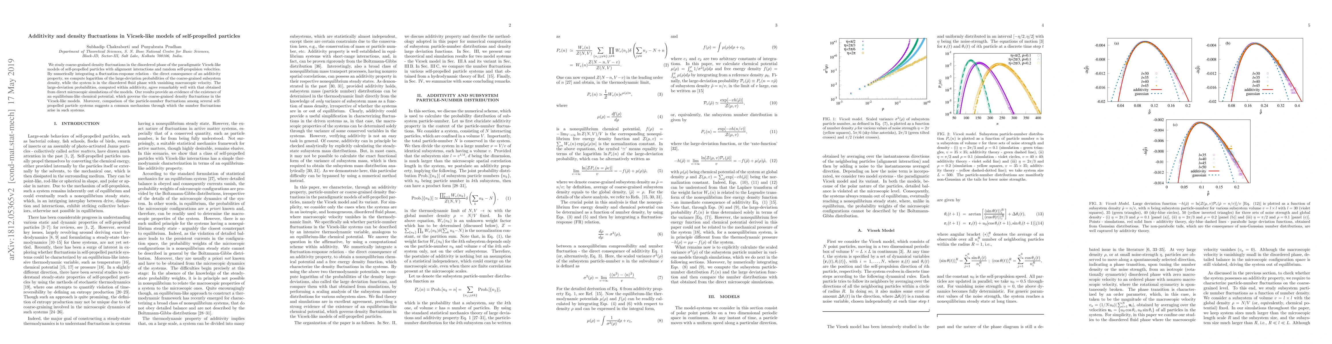 We study coarse-grained density fluctuations in the disordered phase of the paradigmatic Vicsek-like models of self-propelled particles with alignment interactions and random self-propulsion velocities. By numerically integrating a fluctuation-response relation - the direct consequence of an additivity property, we compute logarithm of the large-deviation probabilities of the coarse-grained subsystem density, while the system is in the disordered fluid phase with vanishing macroscopic velocity. The large-deviation probabilities, computed within additivity, agree remarkably well with that obtained from direct microscopic simulations of the models. Our results provide an evidence of the existence of an equilibrium-like chemical potential, which governs the coarse-grained density fluctuations in the Vicsek-like models. Moreover, comparison of the particle-number fluctuations among several self-propelled particle systems suggests a common mechanism through which the number fluctuations arise in such systems.
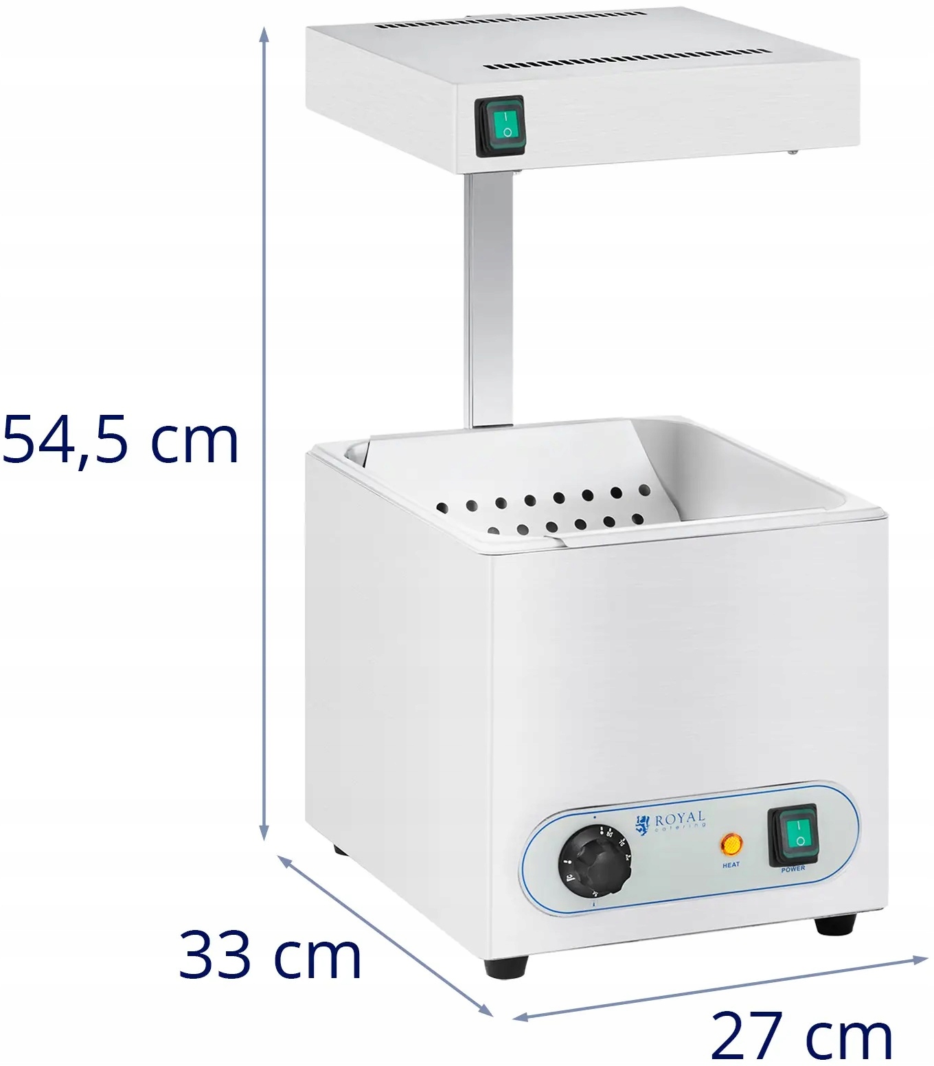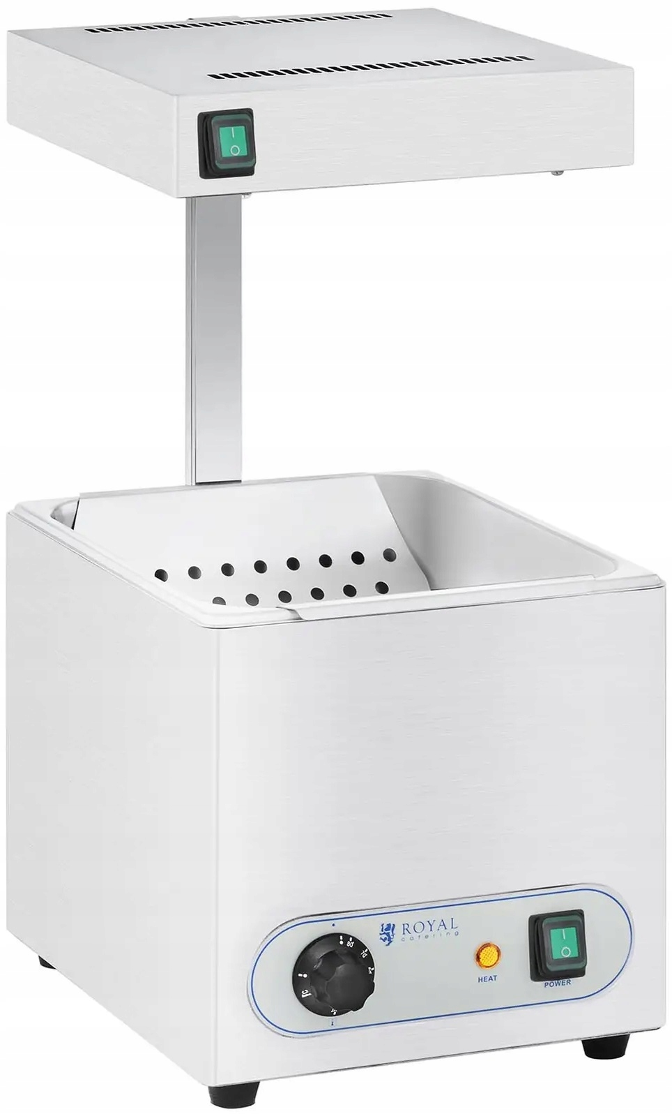 Nowoczesny i efektywny podgrzewacz do frytek z promiennikiem ciepła znajdzie zastosowanie w miejscach, gdzie zachodzi konieczność przechowywania produktów spożywczych w stałej gotowości do wydania. Dzięki przemyślanej budowie zarówno obsługa, jak i zapewnienie frytkom optymalnych warunków są bardzo łatwe. Marka Royal Catering zadbała o staranne wykonanie sprzętu, który charakteryzuje się wysokimi parametrami użytkowymi.
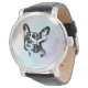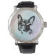 Enkel pennskiss av en Boston Terrier-hund. Chicens svarta och vita skisser på den subtila regnbågsbakgrunden.
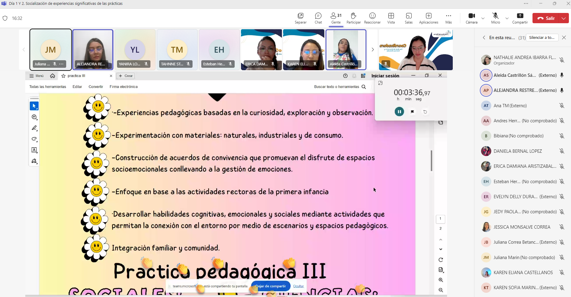 “Evento de cierre de semestre: socialización de experiencias significativas de las prácticas” El pasado 19 y 20 de noviembre nuestras y nuestros estudiantes de la Licenciatura en Educación Infantil fueron convocados por la monitora huella Alejandra Restrepo Pérez, para participar en el evento “Socialización de experiencias significativas de la práctica” algo que se viene instaurando como cierre del semestre; un espacio donde se hizo visible el compromiso de nuestros estudiantes en sus prácticas, la creatividad, la innovación y la gran apropiación que van adoptando del saber pedagógico. |

● What to do
Copy exactly, without pictures, the lines above from the one with "Nowoczesny i efektywny" down to the one with "Enkel pennskiss av", inclusive.

● Answer for this exercise
 Nowoczesny i efektywny podgrzewacz do frytek z promiennikiem ciepła znajdzie zastosowanie w miejscach, gdzie zachodzi konieczność przechowywania produktów spożywczych w stałej gotowości do wydania. Dzięki przemyślanej budowie zarówno obsługa, jak i zapewnienie frytkom optymalnych warunków są bardzo łatwe. Marka Royal Catering zadbała o staranne wykonanie sprzętu, który charakteryzuje się wysokimi parametrami użytkowymi.
 Enkel pennskiss av en Boston Terrier-hund. Chicens svarta och vita skisser på den subtila regnbågsbakgrunden.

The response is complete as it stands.